The U.S. Food and Drug Administration (FDA) has, for the first time, exercised new authority to regulate what cigarette products are safe enough to be sold on the market. The agency announced on Tuesday that it has rejected four new proposed cigarette types (while approving two other ones) under powers it gained under the Family Smoking Prevention and Tobacco Control Act of 2009.
Before President Obama signed the Tobacco Control Act, regulation of cigarettes was largely limited to how they could be advertised and what age groups they could be sold to, leaving tobacco manufacturers near carte blanche over what to put into their products.

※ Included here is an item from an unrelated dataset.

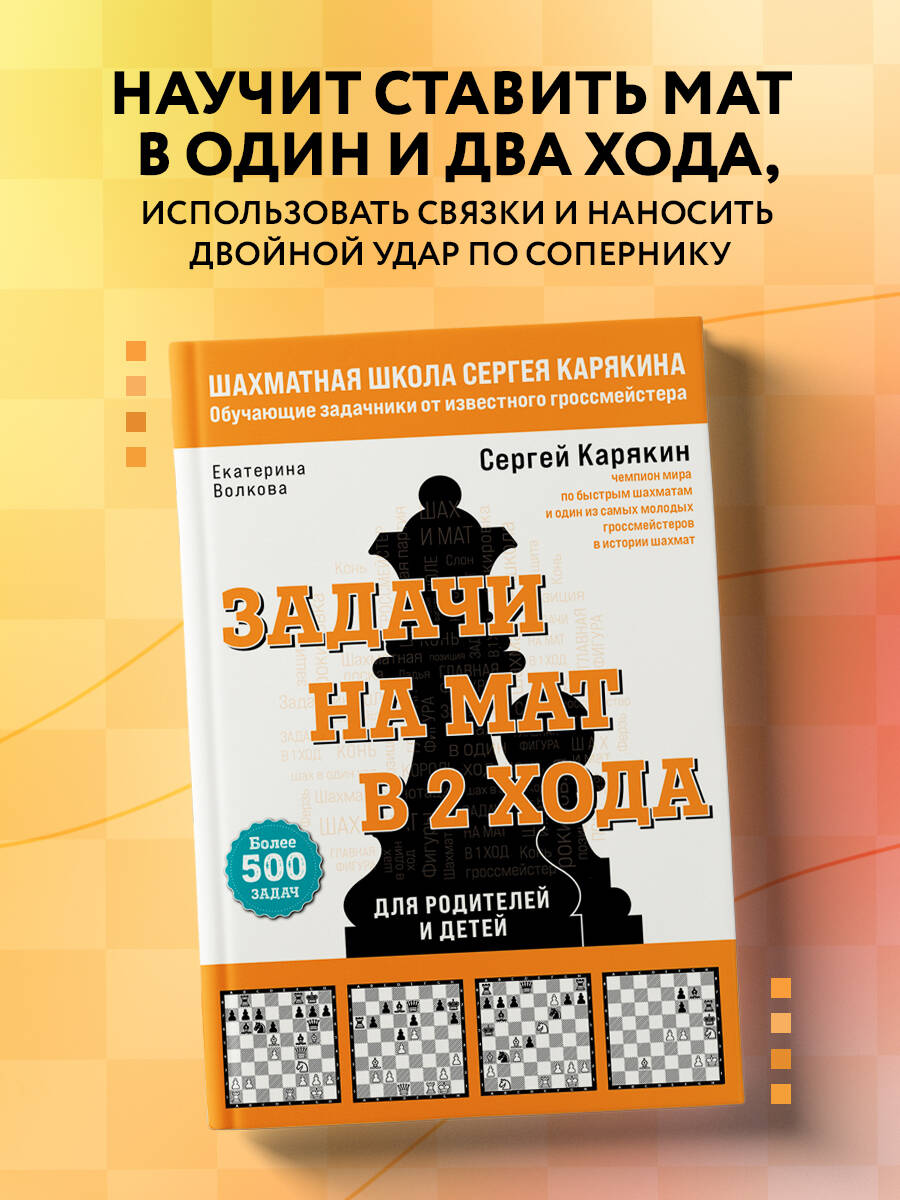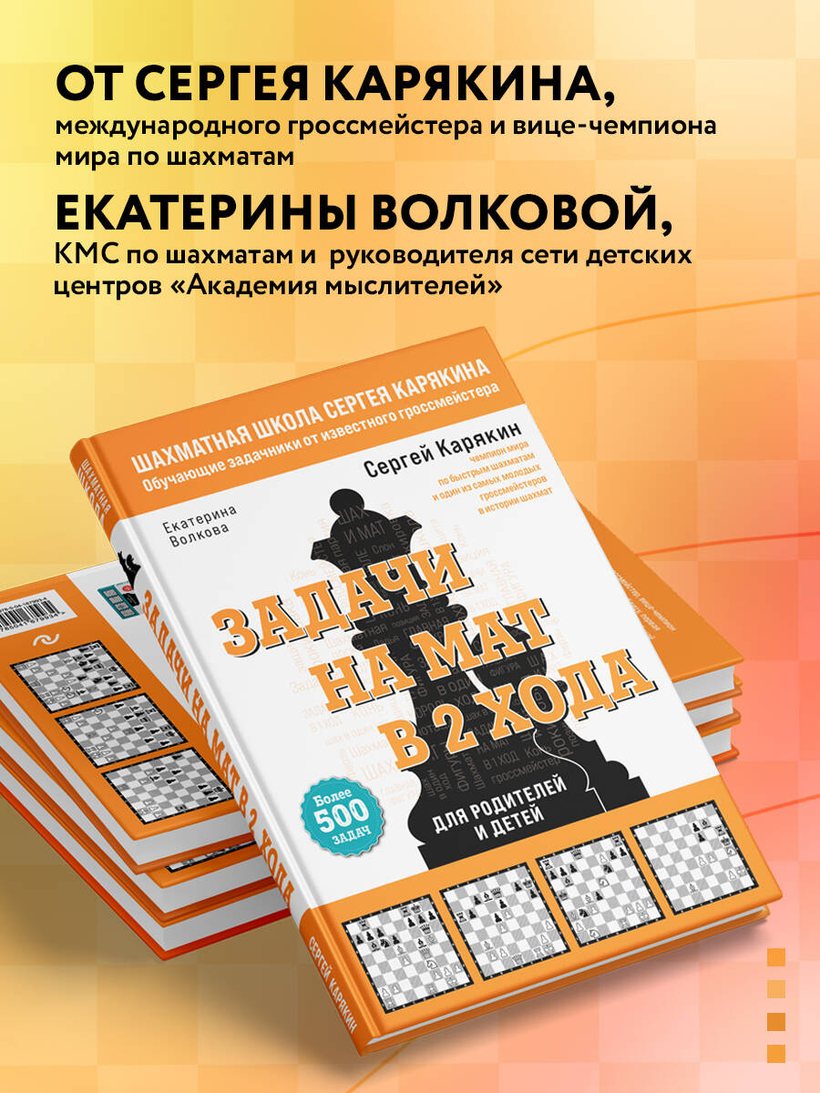 Сергей Карякин - международный гроссмейстер, вице-чемпион мира по шахматам, чемпион мира по быстрым шахматам и блицу, первая доска сборной России по шахматам, член Общественной палаты Российской Федерации, самый молодой гроссмейстер в мире. Екатерина Волкова - кандидат в мастера спорта по шахматам, лицензированный тренер Международной шахматной федерации (ФИДЕ), автор более 10 книг о шахматах, руководитель сети детских центров «Академия мыслителей». «Задачи на мат в 2 хода» - вторая книга серии шахматных задачников ведущего шахматиста мира Сергея Карякина. Задачник содержит более 500 заданий на мат в один и два хода и выигрыш материального преимущества. Для удобства юных шахматистов все упражнения расположены по возрастанию сложности, помогая разобраться в простых тактических приемах, чтобы уверенно чувствовать себя во время шахматной партии. Книга-задачник подходит для занятий в школах, кружках, спортивных школах и самостоятельно дома с родителями. Книга рекомендуется тем, кто уже успел решить все задания из «Задачи на мат в 1 ход: как выиграть партию быстро и верно», первого задачника из серии «Шахматной школы Сергея Карякина». Книга-задачник подходит для занятий в школах, кружках, спортивных школах и самостоятельно дома с родителями. Следующие задачники для продвинутого уровня - «Задачи по тактике: на позиционное преимущество».| Издательство | ООО "Издательство "Эксмо" |

Those ingredients include carcinogens such as benzene and formaldehyde, toxic metals like arsenic, and poisonous materials such as ammonia, carbon monoxide, and hydrogen cyanide.
Now, the FDA can reject a new product if it finds its chemical makeup to be harmful — and on Tuesday, it did. “This is the first time in history that a federal agency has told tobacco companies that they could not market a new or modified cigarette because of the public health problems they pose,” Matthew L. Myers, president of the Campaign for Tobacco-Free Kids, explained in an interview with the New York Times.

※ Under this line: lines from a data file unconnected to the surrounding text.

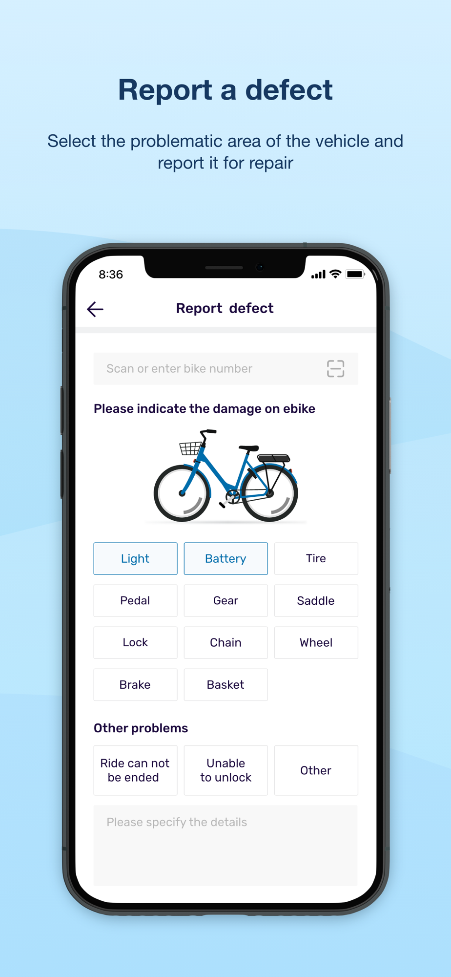 Shows an overview of the tasks that need to completed, helps you locate faulty bikes, see the defects that need to be repaired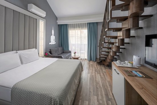- 41-45 m², familles, 2 étages, toit/toit incliné, canapé, 2 lits double (king-size), douche, WC, sèche-cheveux, sol stratifié, climatisation, minibar, remplissage quotidien, soft drinks, coffre-fort, 2 TVs, Wi-Fi, bouilloire, café/thé, terrasse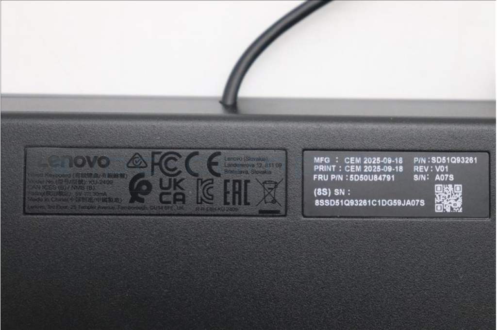 Lenovo 5D50U84791 AI Keyboard External, USB, Norwegian, Black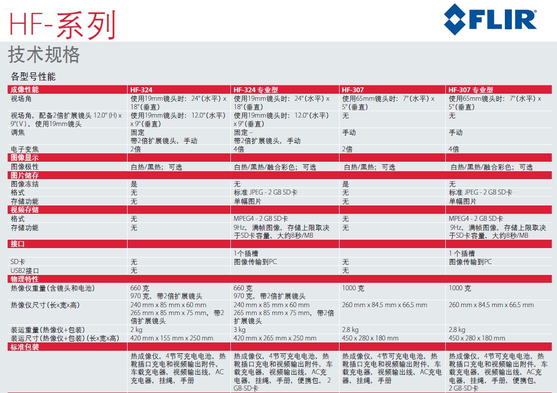 標準型HF系列產品能夠幫助消防員看清煙霧里面的情況。HF-324和 HF-307的 專 業 型 具 有 更 多 功能,比如:
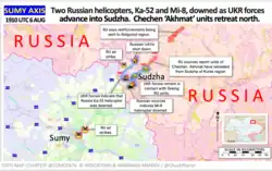 - 1 2 Украина уже две недели наступает в Курской области. Чего она добилась и что будет дальше? Важные истории (20 августа 2024). Дата обращения: 20 августа 2024. Архивировано 21 августа 2024 года.

Although the agency isn’t allowed to disclose which products it denied, FDA official Mitchell Zeller told the Times that several of the proposed cigarettes were rejected due to public health concerns over “more added chemicals than a similar product currently being sold” and incomplete information about their ingredients.

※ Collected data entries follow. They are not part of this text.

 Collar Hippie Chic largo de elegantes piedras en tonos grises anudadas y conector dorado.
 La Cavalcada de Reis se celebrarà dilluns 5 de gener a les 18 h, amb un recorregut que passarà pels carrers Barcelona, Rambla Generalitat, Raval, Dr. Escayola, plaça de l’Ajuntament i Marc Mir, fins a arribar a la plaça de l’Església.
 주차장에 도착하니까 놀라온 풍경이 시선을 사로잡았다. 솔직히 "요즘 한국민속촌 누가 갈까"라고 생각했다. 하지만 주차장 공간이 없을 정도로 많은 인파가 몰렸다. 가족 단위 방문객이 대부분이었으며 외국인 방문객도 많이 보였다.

U.S. smoking rates have fallen dramatically in recent years — but just under 20 percent of American adults still smoke, according to data from the Centers for Disease Control (CDC). Smoking-related illnesses add $96 billion to Americans health care costs every year — much of which is borne by U.S. taxpayers, since poorer Americans on public assistance such as Medicaid tend to have higher smoking rates.